My very oldest friend is moving next week from our humble home state to the Big Apple. Together we have shared the innocence of elementary school, the angst of high school, the guilt of church youth group, the particular pride of sequined music numbers.
We weathered completely different college experiences while at the same university, anchored by a daily Latin class. While I moved to California and pursued my shallow goals, he soldiered on through a successful life of academia, earning multiple masters degrees and his PhD.
Together, from thousands of miles away, we stumbled blindly through our twenties, grimacing at each others mistakes and smiling broadly when one or the other of us declared something we'd both known all along.
He may be older than I am, but moving from a small town to the big city is my area of expertise. So, not for the first time this month or even this week, here is my unsolicited advice.
Dear Drew,
All of your steps before have led to this moment, this life-changing move that will affirm for you what the rest of us have always known: You are strong enough, in fact meant for, a big world on a big stage.
The first several months may feel like a scene from Hinds Feet on High Places, but I hope that you let yourself stumble, that you're able to laugh wisely at the transition period instead of forcing a bravado that makes changes so painful.
A few Do's and Don'ts:
Do spend some time arranging your new apartment, but not too much time and not too much money. You're going to be suprised how much your style and taste will change over the next year. Not because it's a new city, but because it's a new you.
Do Not ask the cab driver where he's from. They hate that. I learned this one recently.
Do give the homeless guy a dollar sometimes, and other times Do Not. You'll know which is which.
Do Not, under any circumstances, invite someone you just met back to your apartment. Even if they seem perfectly nice and harmless.
Do Not, under any circumstances, accept an invitation back to anyone else's apartment, especially if they seem perfectly nice and harmless. You're not in Kansas anymore, Toto.
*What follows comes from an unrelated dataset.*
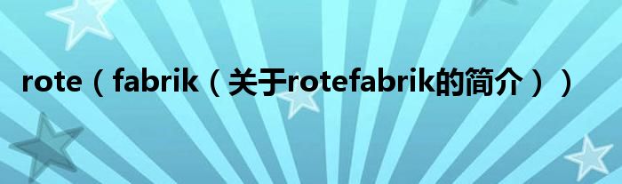 大家好,rote fabrik,關于rote fabrik的簡介很多人還不知道,現在讓我們一起來看看吧!

Do try to find a healthy balance between trusting everyone and believing everyone is a serial killer. This takes time. And there's more to it than just instinct. Although
Do trust your instincts. On people, on transit, on impulse purchases.
Do not give in to the impulse to stay inside and decorate and re-decorate your apartment or fiddle on the computer for hours on end. The only way to learn the city is to navigate the city. Force yourself to find a grocery store you like, a bookstore that's close, a gym with a decent membership fee. Find all of these places without using the maps feature on your phone.
Do try to meet a neighbor or two. Make friends with your doormen. Establish people in your life who you could call if you needed local help in the middle of the night.
Do not lose your accent. You have letters behind your name, you've proven your intellect. Some will find it charming, others will find it thankfully familiar. You will find it shameful and then later grounding.
Do all the tourist-y things, even though this feels very, very uncool at first. Still, resist the tempation to pretend that you're a native New Yorker. It will only make you feel like a fraud. Actually, it will make you a fraud. So
Do see an impromptu musical matinee.
Do stroll through Central Park with a goofy midwestern grin.
Do visit Ground Zero and cry for your home country and your new city.
Do not take a second of this for granted, even the hardest parts. One day you will look back and proclaim Spring 2011 as a pivotal moment in your life. You'll want to be there when it happens.
I love you, my friend. I love how your story is unfolding.